2. Append if its the first occurence , if not , break and check for max length !
Code is not as clean as I would have liked.....but this will solve it in O(n) time.
void copy(char max[], char *source, char *dest)
{
int j=0;
for(char *i = source; i != dest; i++)
max[j++] = *i;
max[j] = '\0';
cout << max << endl;
}
int main()
{
set<char> myset;
set<char>::iterator it;
char str[] = "bbbbb";
char *tmp, *hold;
tmp = hold = str;
char max[10];
int crnt_len=0;
while(*tmp != '\0'){
it = myset.find(*tmp);
if( it != myset.end()){
if(tmp - hold > crnt_len){
crnt_len = tmp-hold;
copy(max, hold, tmp);
}
do{
myset.erase(*hold);
hold++;
}
while(*hold != *tmp);
myset.erase(*hold);
hold++;
}
myset.insert(*tmp);
tmp++;
}
if(tmp - hold > crnt_len){
crnt_len = tmp-hold;
copy(max, hold, tmp);
}
cout << max << endl;
return 0;
}
tmp pointer starts from the first character and continues till it encounters a repeated character. Here hold pointer marks the beginning of the current max string. When you find a repeated character, you increment your hold pointer, store the string seen till now (as max) and erase the corresponding character from set.

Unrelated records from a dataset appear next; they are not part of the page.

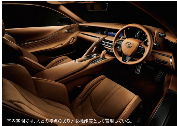
室内空間では、人との接点のあり方を機能美として表現している。
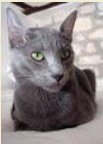
Русская голубая (Порода короткошёрстных кошек)
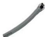
22-957 Conector superior para bajada
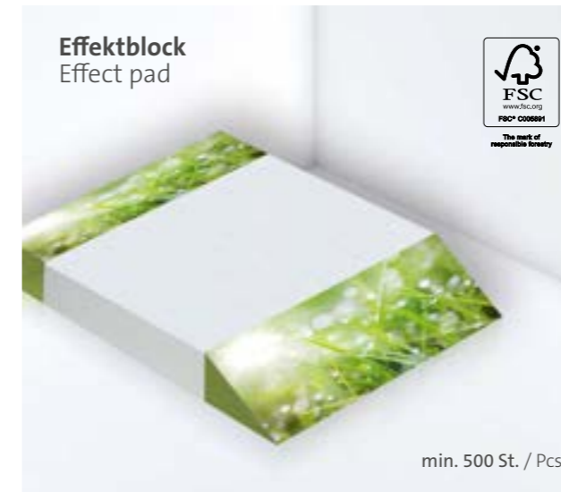
Effektblock Effect pad

Erhältlich mit bis zu vier Notizblöcken à 20 Blatt, am Fuß zusammengeleimt. Available with up to four pads, glued together at the bottom.
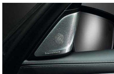
6F1_Аудиосистема Bowers & Wilkins Diamond Surround Sound

Аудиосистема Bowers & Wilkins Diamond Surround Sound с усилителем мощностью 1400 Вт, специально подобранным для автомобиля эквалайзером и 16 динамиками обеспечивает выдающееся студийное качество звука на всех местах в автомобиле.
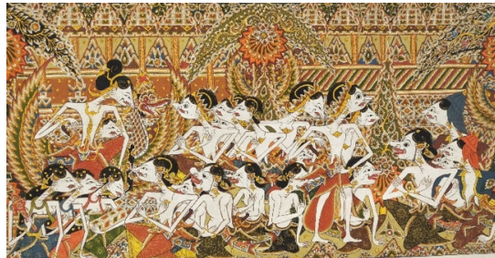
Gambar 3. Wayang Beber

Wayang beber sebagai modal dasar untuk dikembangkan dalam bentuk sufenir sebagai bagian dari cinderamata yang khas destinasi wisata dari Indonesia. Dalam upaya mewujudkan karya tersebut kreativitas berperan penting dalam mengoordinasikan kerja imajinasi. Imajinasi (Tabrani, 2006) adalah mekanisme untuk mengambil kembali imaji yang tersimpan dalam memori, baik dalam bentuk asli maupun kombinasi. Imajinasi sebagai kemampuan menghubungkan atau mengkombinasikan imaji-imaji ke dalam proses berpikir maupun perasaan ( feeling ). Tiga jenis imaji. Pertama, pra-imaji, tidak disadari atau tidak dapat ditangkap sensasi persepsi, tapi dapat dihayati, berguna untuk menghayati keseluruhan situasi. Kedua, imaji konkret, mulai dari gambar pola sampai pada bentuk. Ketiga, imaji abstrak yaitu bahasa (Tabrani, 2005). Bahasa dapat berupa kata atau kalimat yang diungkapkan dalam tulisan (tulisan), kata (tuturan) maupun rupa (gambar). Berikut gambar wayang beber:
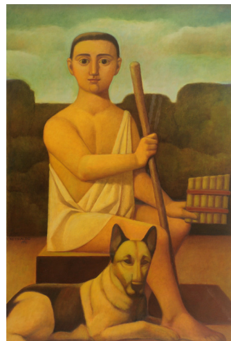
Reynaldo Fonseca Pastoral , 1992, serigrafia
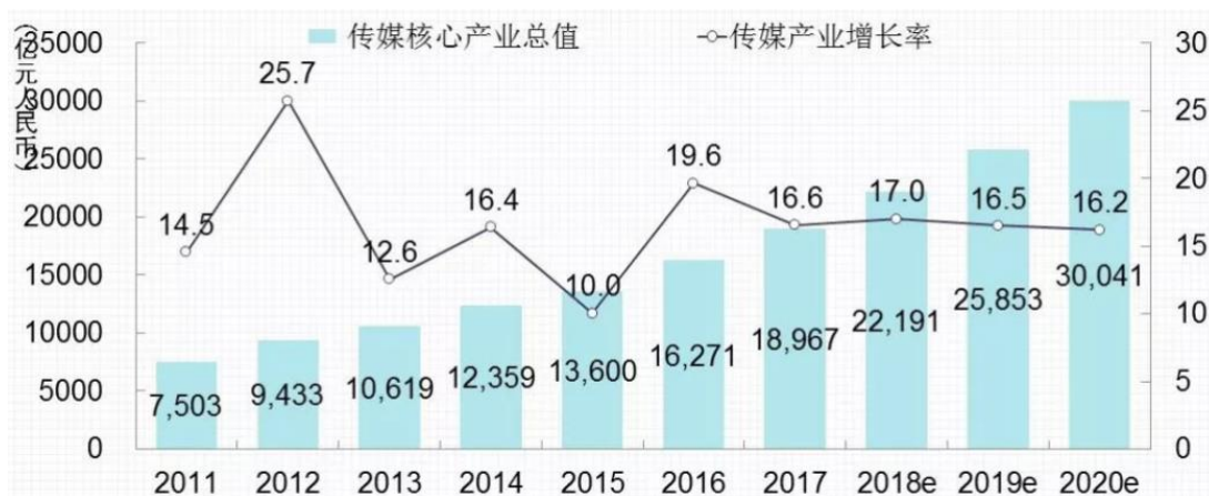
图 1-3 中国传媒产业市场发展预测

中国老百姓们更倾向于选择健康、绿色、环保的生活方式，恩格尔系数降低体现出人们日益增长的消费需求，预计2018年中国居民消费增长还将加快，文化传媒消费继续稳步提升，从而带动传媒产业持续增长。互联网重构了传媒产业，使产业边界不断延展，产业规模快速增长，传媒业未来五年预计还将保持两位数增长，预计2020年有望突破3万亿，行业整体对新媒体人才的需求旺盛。

Easier way is to use an array of 256 elements to check for repetition. Sorry if the code looks messy.
In other words, hold and tmp shall traverse once. Hence O(N)
This is what I told in an interview ..
- bharat November 16, 2012maintain an array of 256 Nodes.
typedef struct _Node {
bool flag;
int position;
}Node;
while traversing the string,
if flag == false
then make flag=true; and fill the position of that character in the string.
when ever u encounter the repeated character, calculate the length of the unique_character_substring and start traversing string from the previous position of that repeated charater +1 and make visited array[256] flags as false.